DécadréE : Oui. On remarque le remue-ménage que fait en ce moment même la question du port du voile pour les élues et les fonctionnaires.

Sarah Scholl : Pour moi, c’est significatif. En parlant de laïcité, on pourrait parler d’énormément d’autres choses et tout particulièrement de formation. Des personnes font par exemple un travail formidable pour repenser l’enseignement religieux dans les écoles en Suisse romande. Il y a beaucoup à faire encore, y compris à travers les formations universitaires, pour promouvoir une approche intelligente des questions religieuses. On pourrait réfléchir aussi plus largement à la question des identités, à la manière de gérer la diversité des appartenances dans une même communauté nationale, à la construction du multiculturalisme – qui est un fait indépassable à Genève – au quotidien. Le fait que l’on parle pratiquement uniquement du voile n’est pas un bon signal. Et d’ailleurs pourquoi n’est-il question ici que de vêtements féminins ?

DécadréE : À travers tous ces débats, il est difficile de comprendre la situation actuelle à Genève. Pourriez-vous la clarifier ?
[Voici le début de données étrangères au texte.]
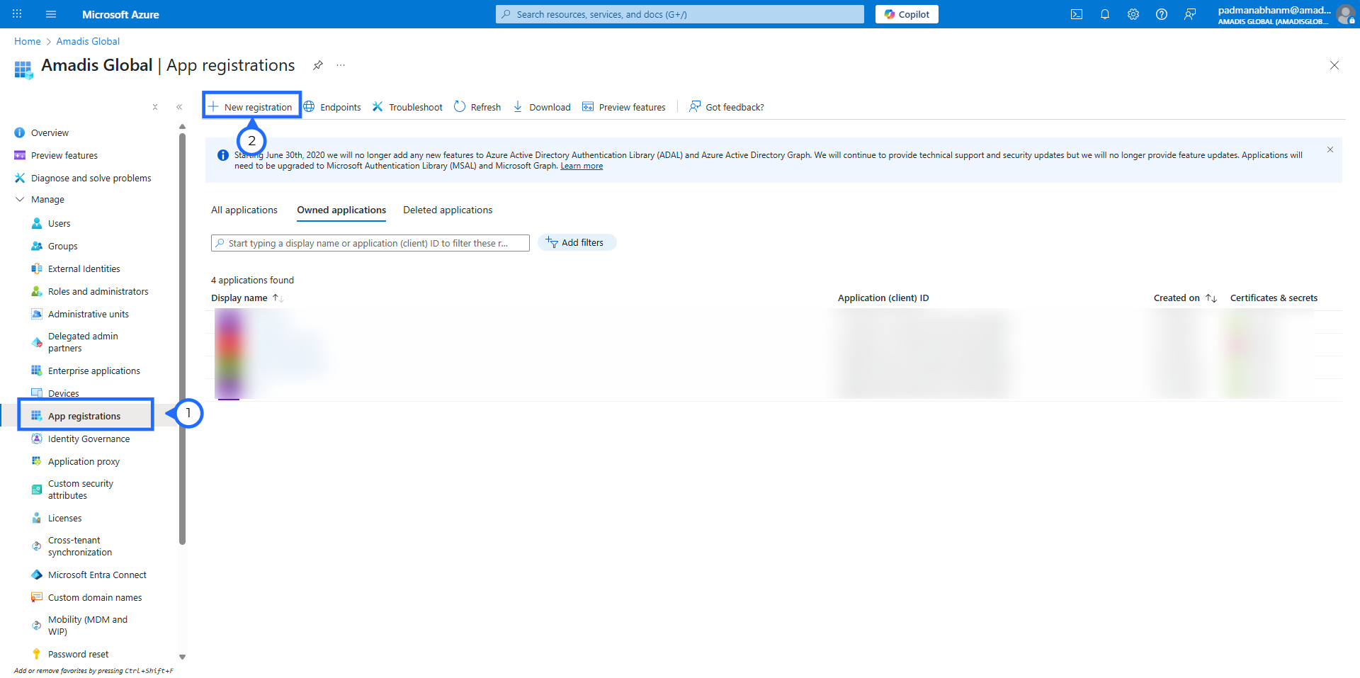 Extend Manage section and Click on “App registrations” and select "New registration".

Sarah Scholl : Ce qui est sûr, c’est que rien n’interdit de porter le voile dans la rue. Les élèves peuvent également aller à l’école voilées. Par contre, ce n’est pas le cas des enseignantes. Une jurisprudence a fixé leur cas en 1997. Le Conseil d’Etat avait exigé d’une enseignante du primaire qu’elle retire son voile pour donner ses cours. Après le recours de celle-ci, le tribunal fédéral donna raison au canton et elle fut démise de ses fonctions. Pour le reste du personnel de l’État, la question ne s’était apparemment pas posée jusqu’à maintenant. Tout a commencé lorsqu’on a découvert qu’une employée de musée portait le voile en février. Sandrine Salerno a ensuite rouvert la brèche au début du mois en déclarant qu’elle ne voyait pas d’inconvénients à cela. On a eu aussi le cas de Maria Pérez qui s’est voilée durant un Conseil Municipal en mars. Cette histoire a fait un tollé et la séance a dû être interrompue. On a alors remarqué que des élues portaient le voile, à Meyrin par exemple. Ce qui ne faisait pas débat pose aujourd’hui problème. Les partis eux-mêmes sont divisés sur la question, les féministes aussi. Pour moi, le débat est surréaliste. Tous les enjeux de la laïcité semblent se concentrer sur cette question alors qu’ils sont beaucoup plus larges.